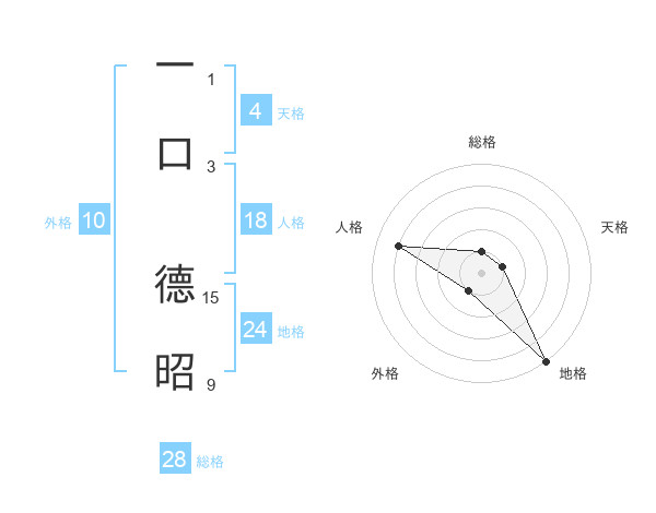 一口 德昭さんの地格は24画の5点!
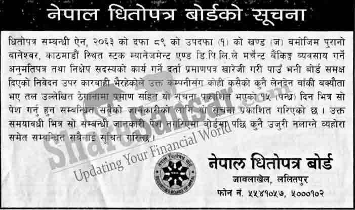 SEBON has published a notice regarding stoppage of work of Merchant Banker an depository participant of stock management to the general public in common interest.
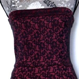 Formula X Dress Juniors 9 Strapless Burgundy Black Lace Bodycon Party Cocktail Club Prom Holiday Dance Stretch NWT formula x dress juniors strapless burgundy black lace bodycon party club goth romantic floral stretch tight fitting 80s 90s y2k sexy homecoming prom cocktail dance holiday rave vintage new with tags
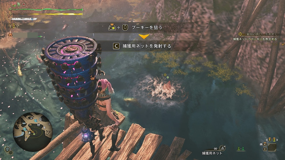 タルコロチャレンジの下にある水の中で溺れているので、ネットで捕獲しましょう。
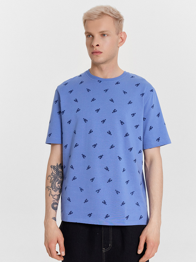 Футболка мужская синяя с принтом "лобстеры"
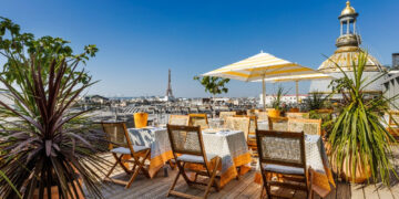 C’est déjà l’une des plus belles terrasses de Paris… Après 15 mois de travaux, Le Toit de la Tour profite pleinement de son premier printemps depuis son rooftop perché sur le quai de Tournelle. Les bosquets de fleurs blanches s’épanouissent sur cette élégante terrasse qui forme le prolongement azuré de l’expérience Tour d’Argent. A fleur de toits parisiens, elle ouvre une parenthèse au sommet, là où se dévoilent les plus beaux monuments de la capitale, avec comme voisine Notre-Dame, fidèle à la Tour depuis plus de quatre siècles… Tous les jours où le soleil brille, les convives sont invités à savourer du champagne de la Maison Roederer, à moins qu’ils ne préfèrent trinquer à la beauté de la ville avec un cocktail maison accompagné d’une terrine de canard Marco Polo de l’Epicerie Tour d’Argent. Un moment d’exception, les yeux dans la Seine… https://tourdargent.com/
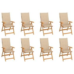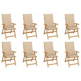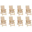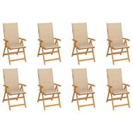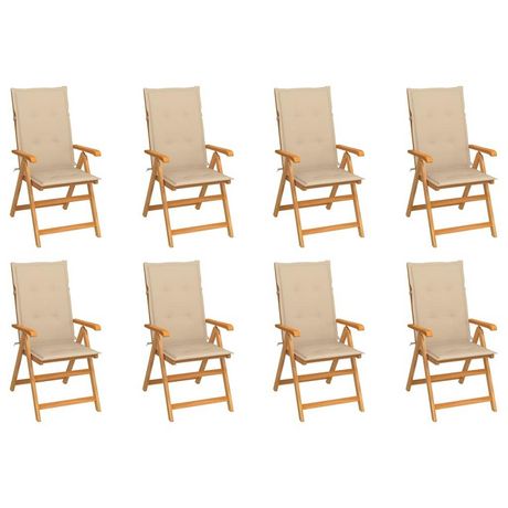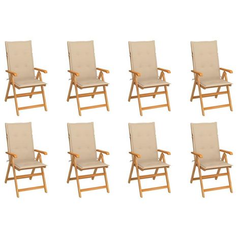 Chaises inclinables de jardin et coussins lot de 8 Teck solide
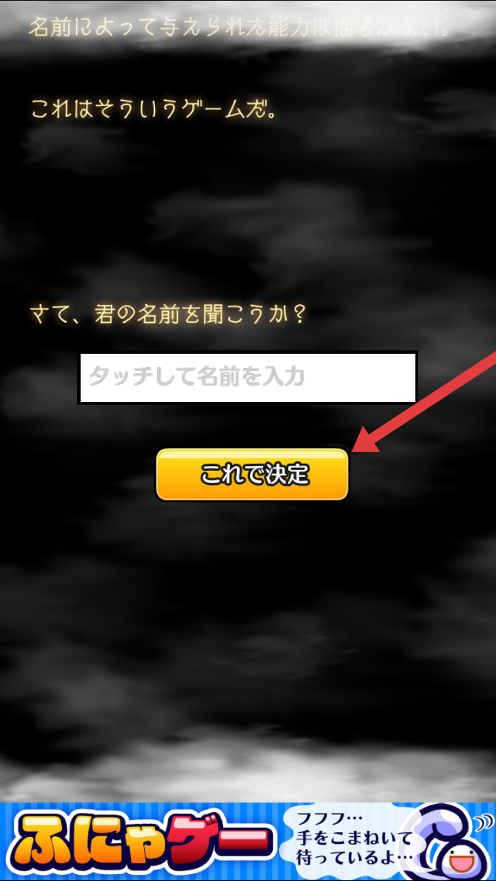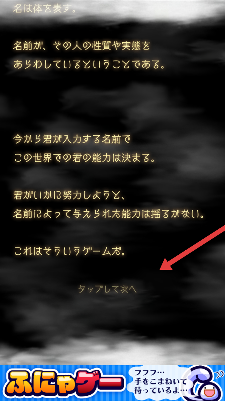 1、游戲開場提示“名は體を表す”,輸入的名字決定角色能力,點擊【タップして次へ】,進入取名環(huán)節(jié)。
==*==
● Work request:
A word-for-word copy is needed, starting at the first line of the listing and ending with the line bearing "Formula X Dress Juniors 9". No pictures.

● Response to this exercise:
 一口 德昭さんの地格は24画の5点!
 SEBON has published a notice regarding stoppage of work of Merchant Banker an depository participant of stock management to the general public in common interest.
 Formula X Dress Juniors 9 Strapless Burgundy Black Lace Bodycon Party Cocktail Club Prom Holiday Dance Stretch NWT formula x dress juniors strapless burgundy black lace bodycon party club goth romantic floral stretch tight fitting 80s 90s y2k sexy homecoming prom cocktail dance holiday rave vintage new with tags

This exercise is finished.